**Action item**
In the listing below, the lines starting at the line with "其适用人群主要包括河南省郑州" and ending at the line with "A Mongol woman" are to be output verbatim. Images stay out of the copy.

**Study material**
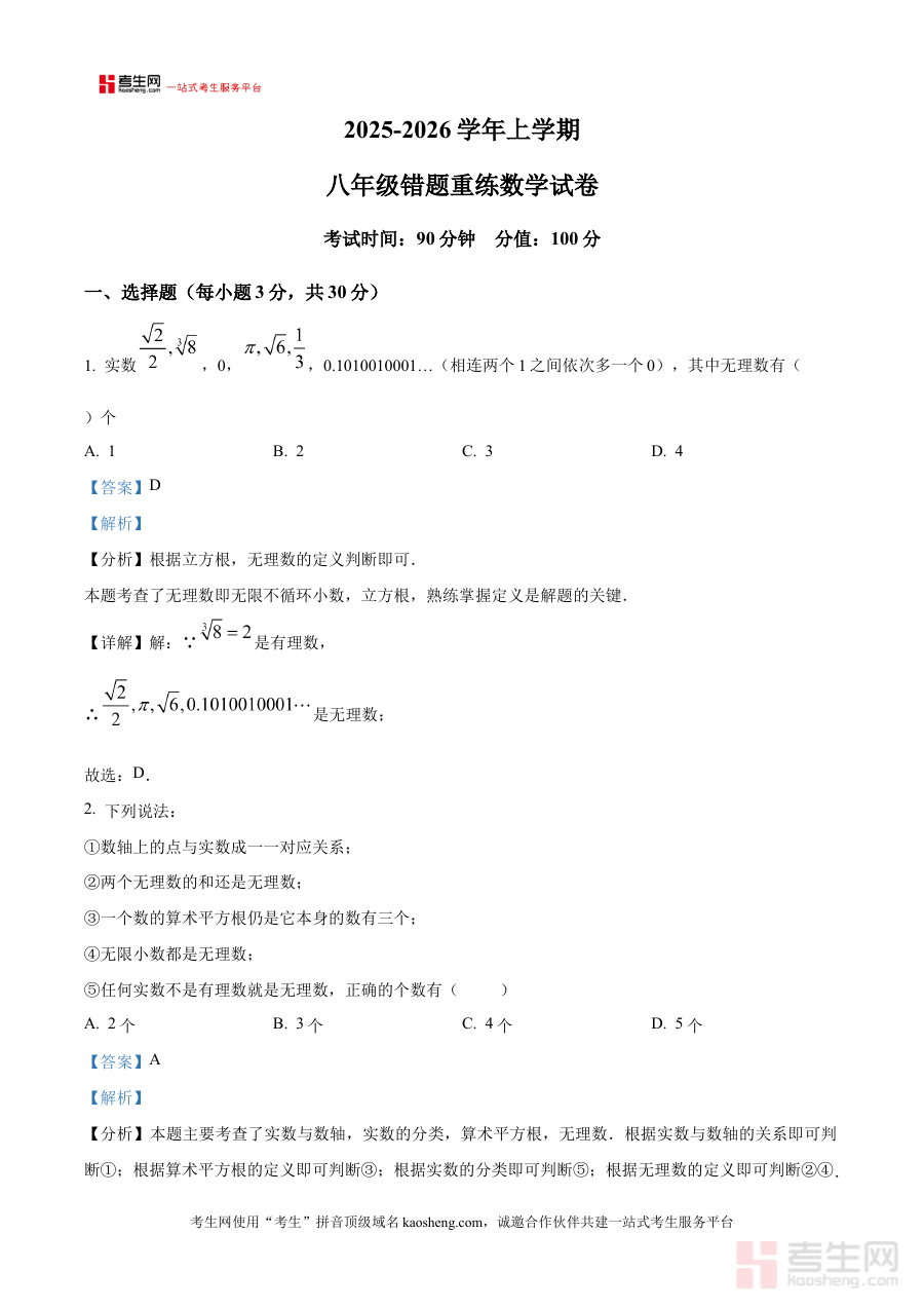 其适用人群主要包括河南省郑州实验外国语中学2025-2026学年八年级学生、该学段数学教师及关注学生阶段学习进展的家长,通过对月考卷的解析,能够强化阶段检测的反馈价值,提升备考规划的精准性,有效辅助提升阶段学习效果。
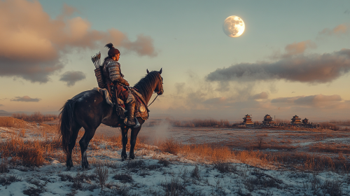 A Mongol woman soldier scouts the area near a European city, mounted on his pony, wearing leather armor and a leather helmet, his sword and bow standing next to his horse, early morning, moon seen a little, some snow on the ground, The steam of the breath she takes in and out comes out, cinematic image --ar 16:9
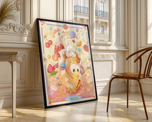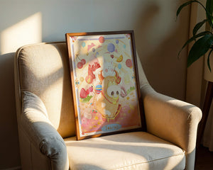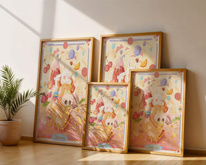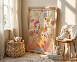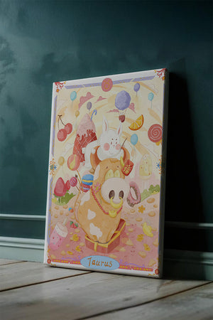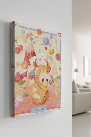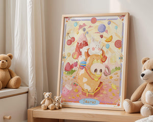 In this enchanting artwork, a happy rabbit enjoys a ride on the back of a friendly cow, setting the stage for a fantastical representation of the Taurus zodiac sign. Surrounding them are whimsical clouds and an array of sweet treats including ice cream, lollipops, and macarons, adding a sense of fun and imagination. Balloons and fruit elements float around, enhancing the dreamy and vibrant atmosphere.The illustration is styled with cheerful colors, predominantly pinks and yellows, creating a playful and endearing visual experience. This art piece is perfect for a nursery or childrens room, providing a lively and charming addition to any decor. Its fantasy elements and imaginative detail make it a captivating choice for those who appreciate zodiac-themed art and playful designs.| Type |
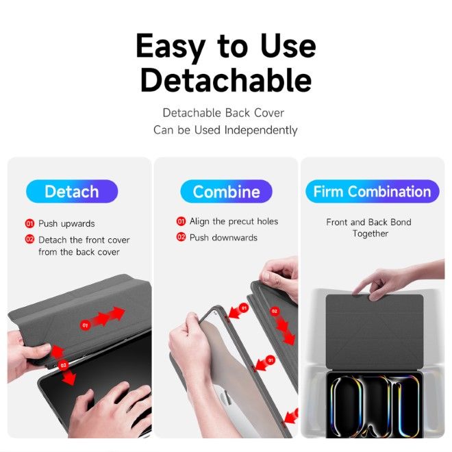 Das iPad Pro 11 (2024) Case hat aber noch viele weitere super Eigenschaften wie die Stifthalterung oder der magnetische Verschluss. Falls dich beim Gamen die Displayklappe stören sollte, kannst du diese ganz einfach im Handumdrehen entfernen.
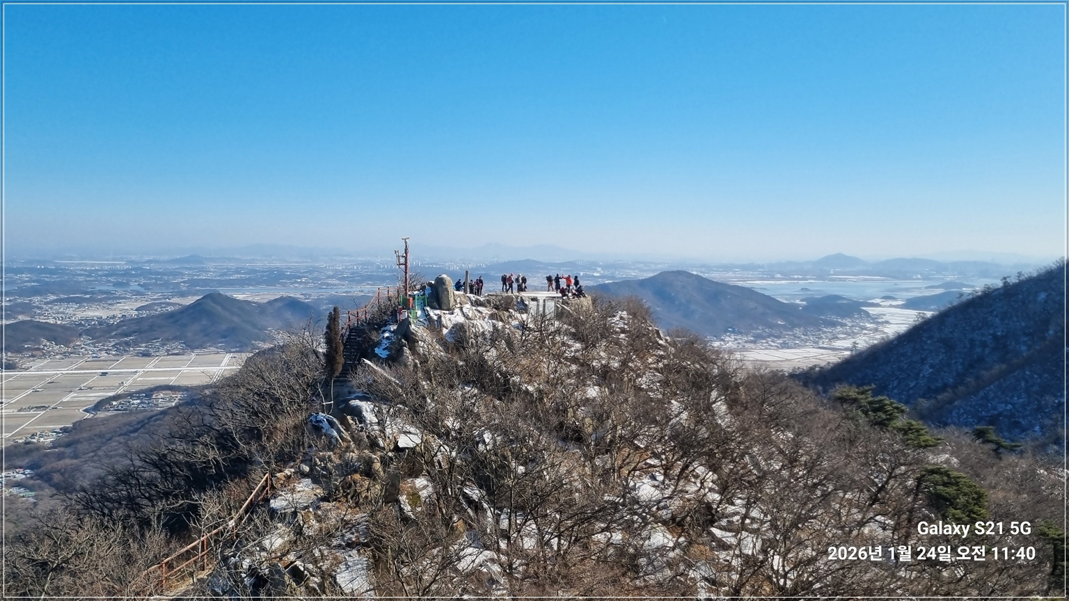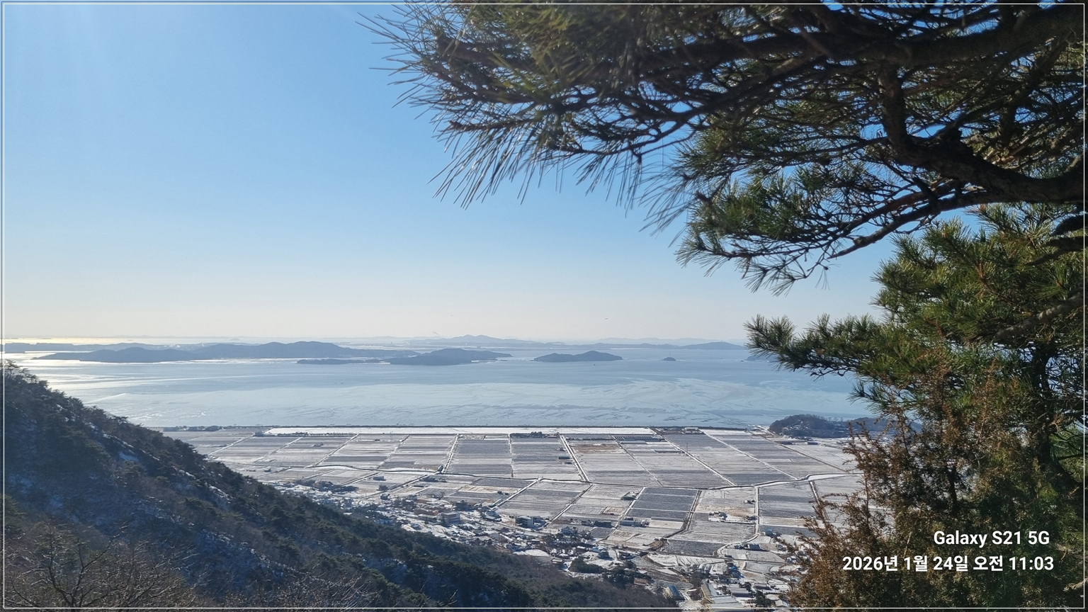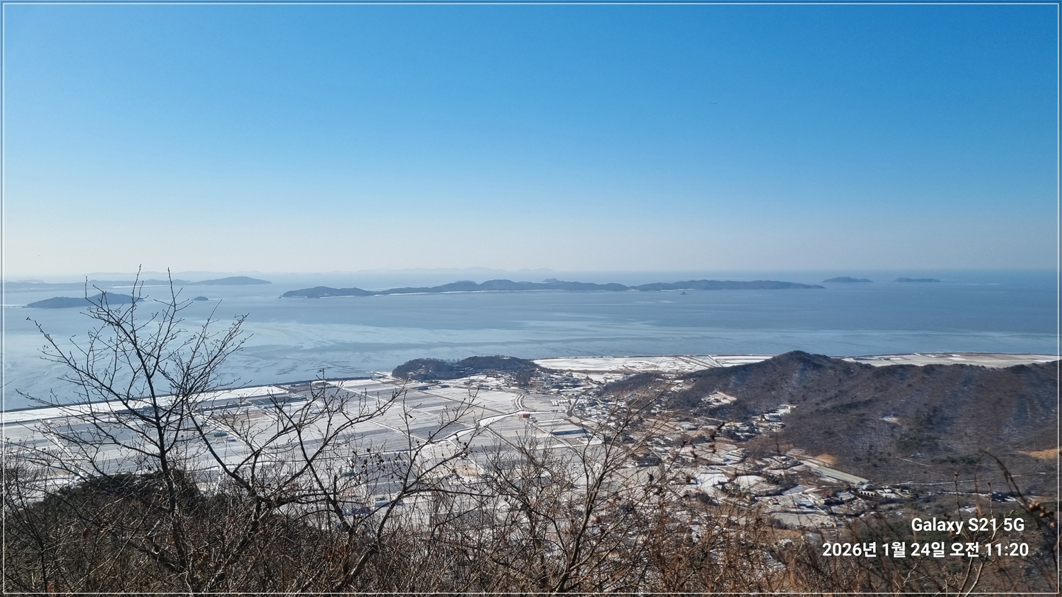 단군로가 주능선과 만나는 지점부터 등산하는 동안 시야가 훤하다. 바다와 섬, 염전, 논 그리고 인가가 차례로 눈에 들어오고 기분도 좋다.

--

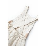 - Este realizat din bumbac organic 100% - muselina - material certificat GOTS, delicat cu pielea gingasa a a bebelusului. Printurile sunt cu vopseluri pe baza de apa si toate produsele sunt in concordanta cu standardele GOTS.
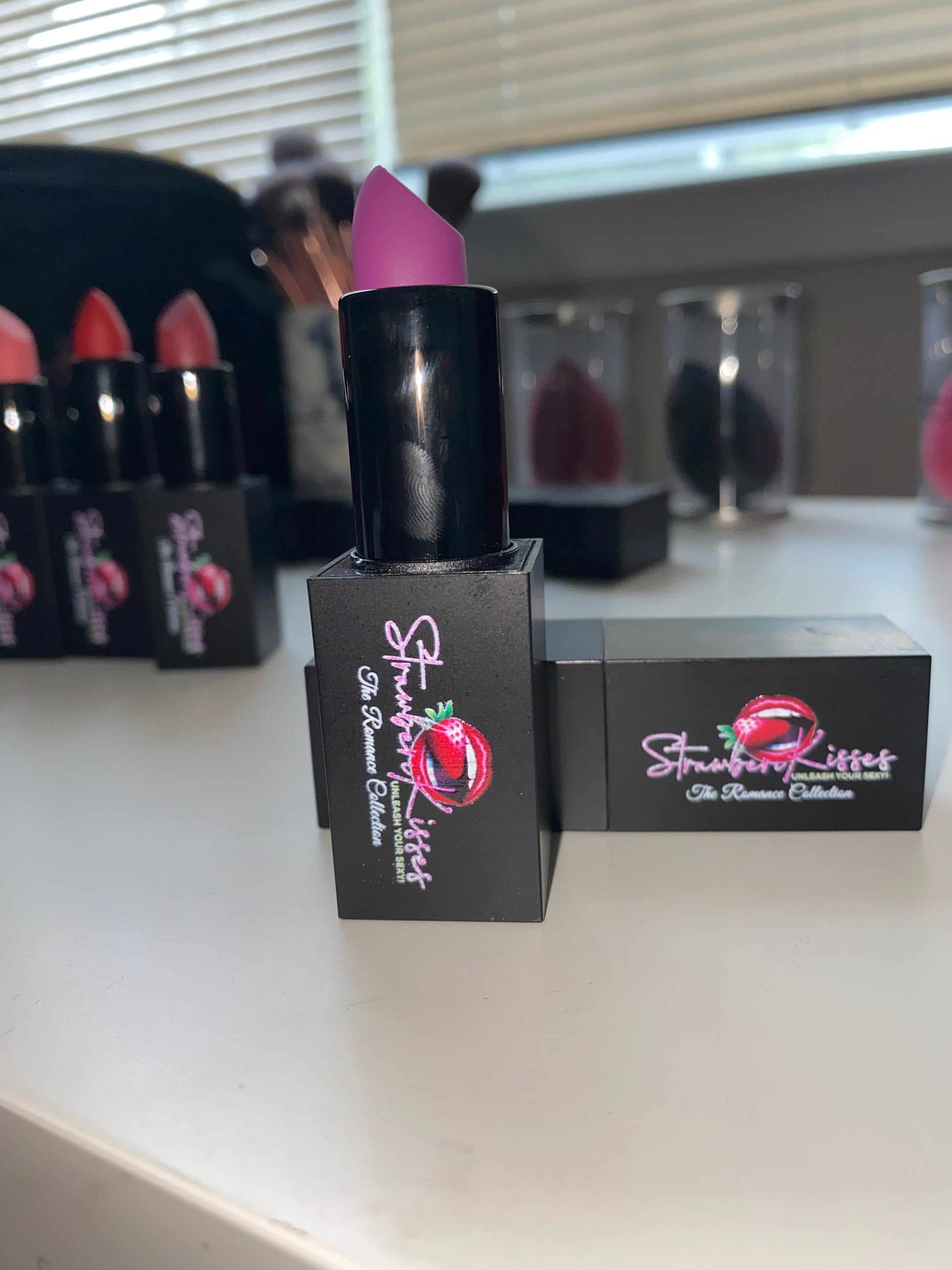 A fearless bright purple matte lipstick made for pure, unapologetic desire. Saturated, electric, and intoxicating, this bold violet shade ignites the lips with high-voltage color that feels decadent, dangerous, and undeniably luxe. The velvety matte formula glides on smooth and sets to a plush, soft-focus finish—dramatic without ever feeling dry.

**Solution**
 其适用人群主要包括河南省郑州实验外国语中学2025-2026学年八年级学生、该学段数学教师及关注学生阶段学习进展的家长,通过对月考卷的解析,能够强化阶段检测的反馈价值,提升备考规划的精准性,有效辅助提升阶段学习效果。
 A Mongol woman soldier scouts the area near a European city, mounted on his pony, wearing leather armor and a leather helmet, his sword and bow standing next to his horse, early morning, moon seen a little, some snow on the ground, The steam of the breath she takes in and out comes out, cinematic image --ar 16:9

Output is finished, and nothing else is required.